18.5.12

Adventures in Cultural Consumption:

Bring Up the Bodies, Hilary Mantel

At the church I attended last year in central New Jersey, I had the good fortune to have an exceptionally talented pastor who did a good job of leavening a serious dose of theology in with her usual more cheery disposition. One sermon I remember in particular concerned the Jacob and Esau story wherein Jacob tricks Esau and God seems to be cool with that. Being a sensible sort, she wondered along with most of us why God would favor Jacob even though he was prepared to lie and cheat to get what he wanted. Well, she asked, who exactly was the favor supposed to go to? Esau agreed to sell his birthright, after all, and expected someone else to go and get it back for him after he'd lost it. Rebekah was not a model mother, plotting with Jacob. And Isaac showed just how little he cared about who would get the birthright by the casual way in which he granted it. So, surprise: nobody actually deserves the birthright. They're all kind of bad people.

And I suspect this is why Hilary Mantel has been ruffling so many feathers with her series of books on Thomas Cromwell: everyone in them is kind of a bad person. Katharine of Aragon is stubborn and insensitive, Anne Boleyn conniving; Henry VIII mercurial; Cardinal Wolsey unwilling to accept the facts of the case; Thomas More cruel and contemptuous of everyone. In Bring Up the Bodies, the old English families (secretly or not so secretly Catholic) too caught up in their own sense of offended honor; the men who are killed for having an affair with Anne too stupid to realize how dangerous their game has been, etc etc. It's true that Cromwell gets a more sympathetic portrait than some of these other figures, but it's a portrait that should be familiar: he's Don Draper meets Tony Soprano. He's a bad person with many fascinating and charming qualities. But still a bad person.

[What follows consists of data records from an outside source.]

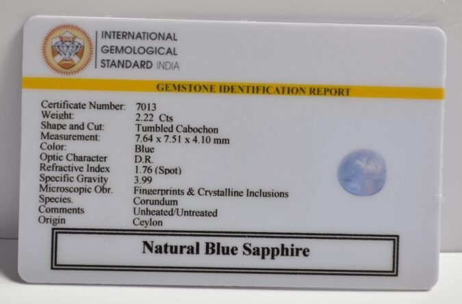 Beautiful 2.22 Cts Natural Blue Sapphire (Very Good-Mines) sva 2+ Ratti BLUE SAPPHIRE. Free Horoscope & Free Pundit Ji Astrological Advise / Consultation. Original Natural Lab certified gems by IGI GTL / Birth stones / Large Gem Selection of shree shubh Rashi Ratan Vedic dhan at Gem Mines. May Bhagwan Brahma, Vishnu, Shiv & Universe bless you.
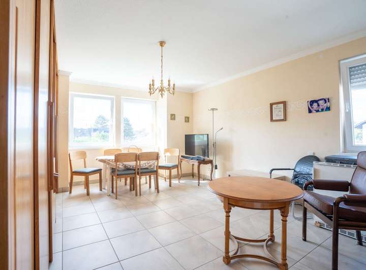 Die Einliegerwohnung, erstreckt sich auf 77 qm der Gesamtwohnfläche und bildet einen eigenständigen Bereich und eignet sich ideal für Familienmitglieder, Gäste oder eine separate Nutzung. Sie verfügt über einen kleinen Flur, ein modernes Duschbad und ein Schlafzimmer im Erdgeschoss. Im Untergeschoss stehen eine Küche mit Essbereich, ein Wohnzimmer mit eigener Terrasse sowie ein weiteres Zimmer zur Verfügung - auch hier wurden Fliesen bereits erneuert.
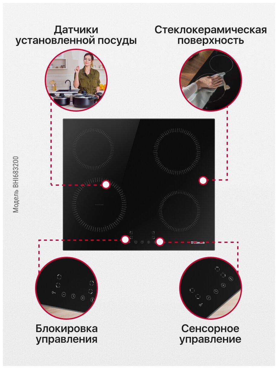 Индукционная электрическая варочная панель Hansa BHI683200, встраиваемая, 60 см, функция блокировки управления, звуковой таймер, стеклокерамическая поверхность с сенсорным управлением
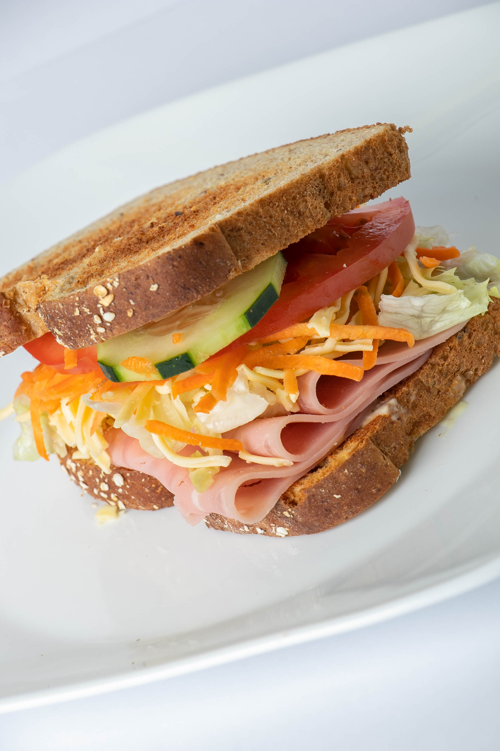 jamón de pavo, pechuga de pavo, salami, queso y verdura ( lechuga, tomate, zanahoria y pepino )
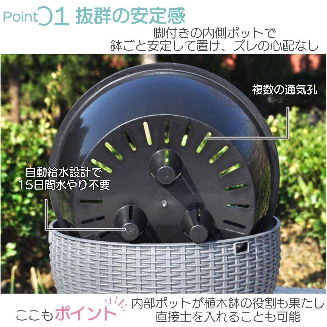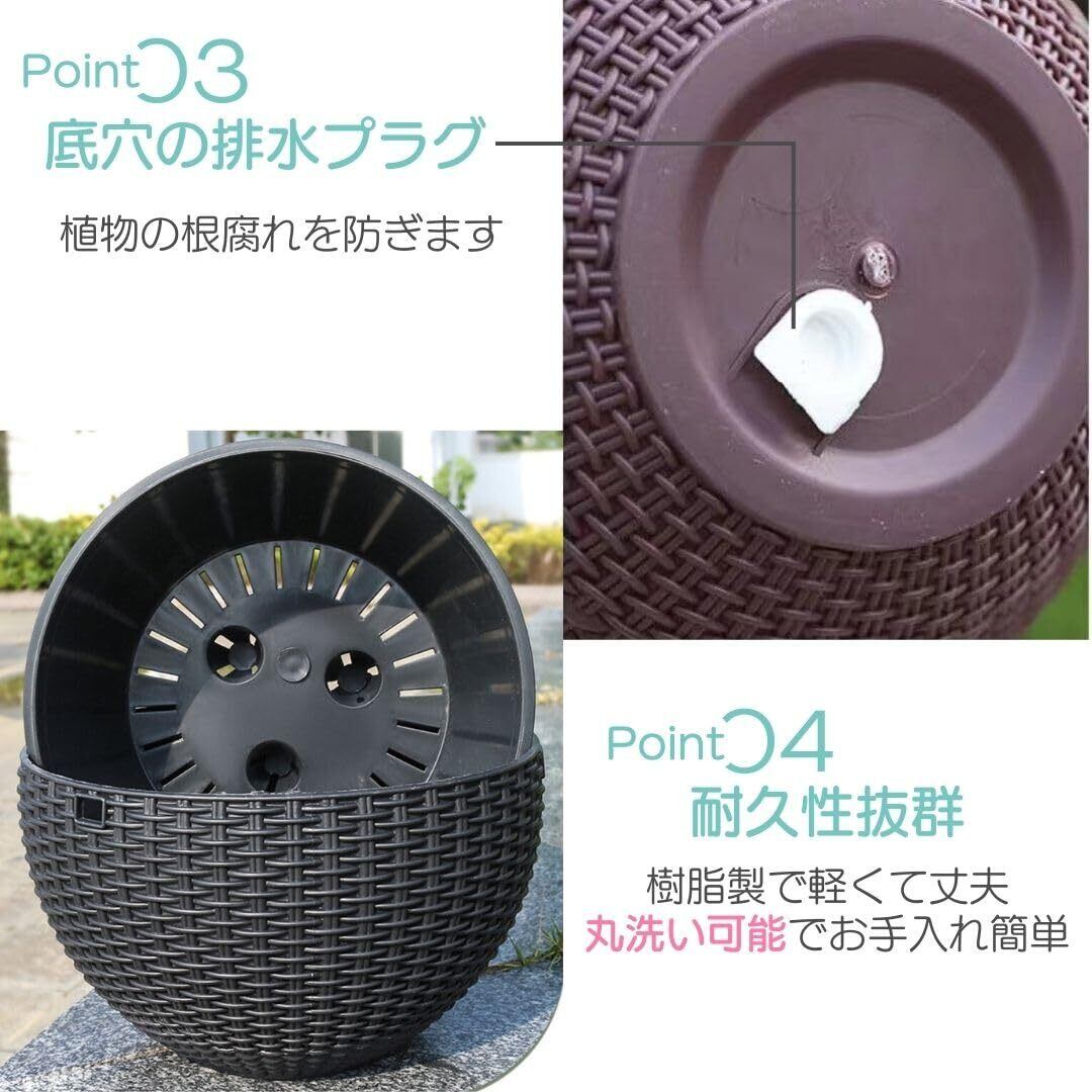【簡単お手入れ】底穴の排水プラグにより、屋内外どちらでも使用可能なプランター。樹脂製で軽くて丈夫、丸洗いも可能で、お手入れが簡単です。シンプルなデザインはどの空間にもマッチし、多種多様なサイズとカラーで、あなたの好みに合わせて選択できます。
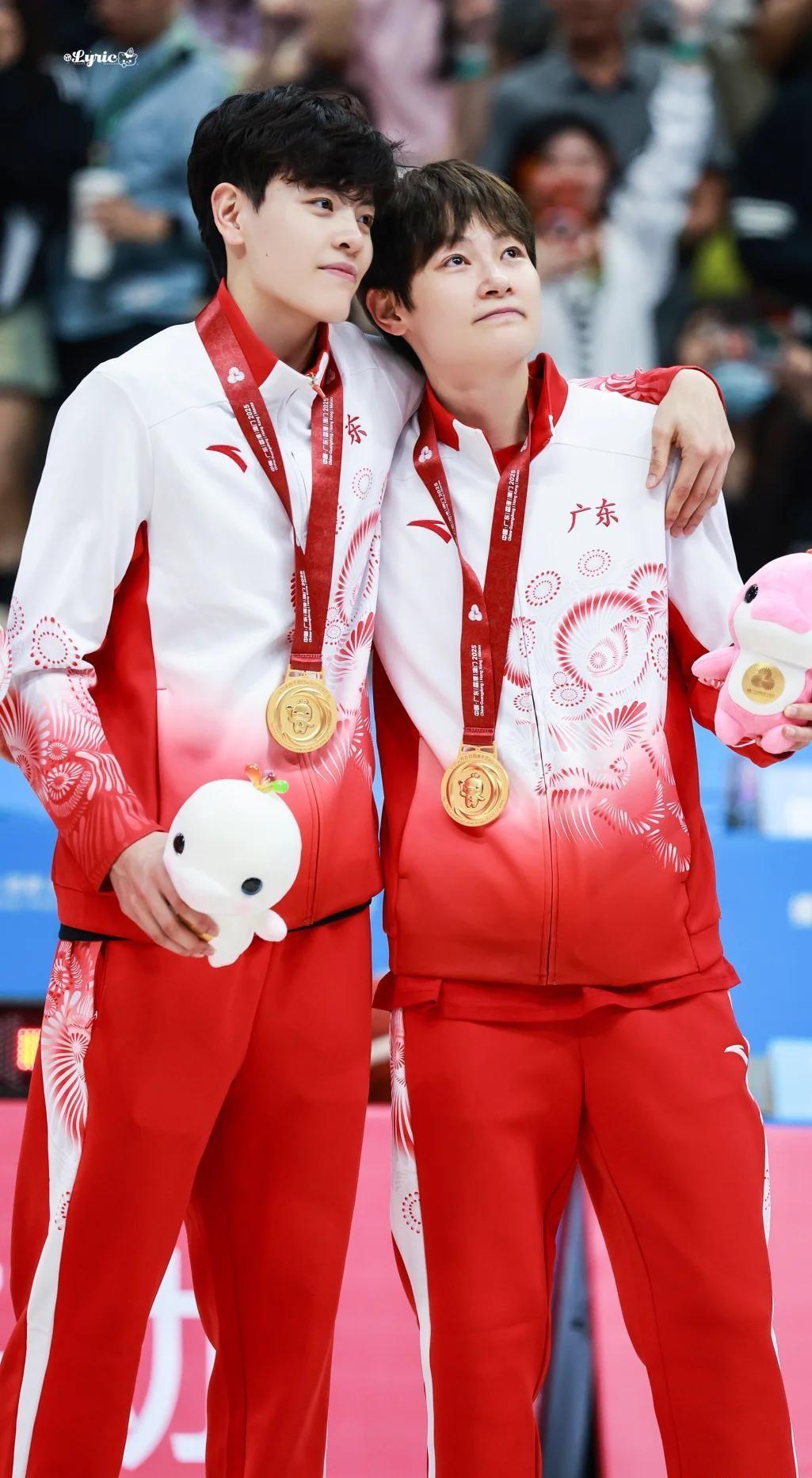 颁奖仪式上,她们不约而同地摘下金牌,一起挂在赶来现场的母亲脖子上,轻轻亲吻母亲的脸颊,那份对母亲的感激和对父亲的思念,尽在不言中。

This is what rankles: history and realism get set against hagiography, and people are reluctant to admit that those they put a lot of store in are not such great people. I've long been of the belief that A Man for All Seasons is a kind of historical malfeasance, making a virtue out of More's stubbornness, reading it as conscience, when it is in fact mostly a product of his own arrogant belief no one could outsmart him. I think the case is rather more like Bring Up the Bodies puts it: there is hardly a man who more deservedly sent himself to his own death and, I might add, few for whom the irony is richer (though Thomas Cromwell is up there himself). But the man's a saint, and a great champion of 'conscience,' and no one will ever lose betting on the willingness of people to believe whatever happens to be convenient for them.